Começando a crítica ao mecanicismo, a vida é tratada como a matéria, sendo vista como determinada e previsível, o que não é coerente com os casos de evolução. Pois se o ambiente molda a vida, como é possível que o mesmo ambiente faça com que espécies evoluam de modo diferente se adaptando, cada um a seu modo, ao mesmo ambiente? Por exemplo, a Antártida com seu frio extremo fez animais se adaptarem com pêlos ou com gorduras para se aquecerem.
O finalismo é outro modo de pensar igualmente problemático; Se as formas de vida possuem um propósito, a vida é determinada e previsível. Mas do mesmo modo que se diz que a grama existe para a vaca, é tão determinista como dizer que o ambiente em que tinha grama faria obviamente a vaca comer a grama. Ou seja, o finalismo radical é um determinismo ao avesso. Dizer que as coisas existem baseados nas suas funções é colocar a causa como consequência. Dizer que o olho existe para ver, coloca o ato de ver, que é causa do olho, como consequência do olho. Precisamos ver, por isso temos olho.

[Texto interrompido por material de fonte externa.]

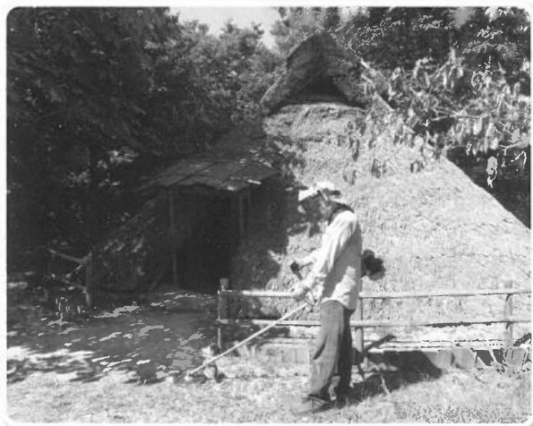
弥生の森公園管理

Dessa forma, Bergson criticará os dois pensamentos, com a ideia da imprevisibilidade da vida, através do elã vital. A vida é imprevisível, sua evolução é imprevisível. Não temos capacidade de saber como a vida evoluí, isso é apenas uma característica da inteligência, que será abordada no próximo capítulo.
Capítulo II
Depois de criticar o determinismo e o finalismo, Bergson focará na inteligência e na intuição. Para o autor, a inteligência cuida da matéria, enquanto a intuição faz parte da vida. A inteligência sempre precisará compreender tudo e para isso ela divide, sistematiza, constrói esquemas, faz associações e tenta prever, este é o erro básico da ciência, ao fazer isso com a matéria, tudo dá certo, porque a matéria é inerte e previsível, mas tentamos fazer o mesmo com a vida, que não se pode prever.
Já a intuição é mais limitada, diferente da inteligência que quer saber de tudo, a intuição já sabe de algo, mas apenas este algo, como o instinto por exemplo. O pinto sabe que precisa quebrar a casa para sobreviver, ninguém o ensinou, ele já sabia. Mas ele só sabia isso e somente isso. Esta é a intuição.
Mas é preciso leva em conta que o auto faz distinções entre inteligência e intuição, mas ambas são complementares uma à outra. Enquanto a inteligência quer saber de tudo, o instinto já sabe de uma parte. Enquanto a inteligência cuida da matéria, o intuito cuida do espírito, da vida.
Capítulo III
Aqui Bergson começa a sua crítica sobre a teoria do conhecimento. Como o homem evoluiu mais para a inteligência, mesmo tendo a intuição e sendo capaz de usá-la, tratamos tudo com a inteligência. Categorizamos, ordenamos, sistematizamos e tentamos prever, mas isso é para a matéria, a vida não é assim. Este é um dos problemas do conhecimento, aprender que a inteligência não dá conta do imprevisível.
O segundo seria utilizar a intuição para aprender, voltarmos para dentro de nós mesmos, suspender o juízo e depois retornar, fazer um movimento negativo. Enquanto a inteligência categoriza tudo, a intuição torna acessível ou perceptível algo mais. Sendo possível inclusive unir as duas.
Capítulo IV
Aqui Bergson falará da duração e do tempo. Falando sobre a imutabilidade e o nada, bem como o devir e a forma. E é claro que tratando-se destes assuntos ele recorreria aos gregos. Por isso, sua crítica é direcionada para Platão e Aristóteles. Este último especialmente criticado sobre a inteligência.
Também criticará a metafísica moderna, focando em Descartes, Spinoza e Leibniz. Por fim focará bastante em sua crítica ao Kant. Concluindo-a ao criticar o evolucionismo de Spencer.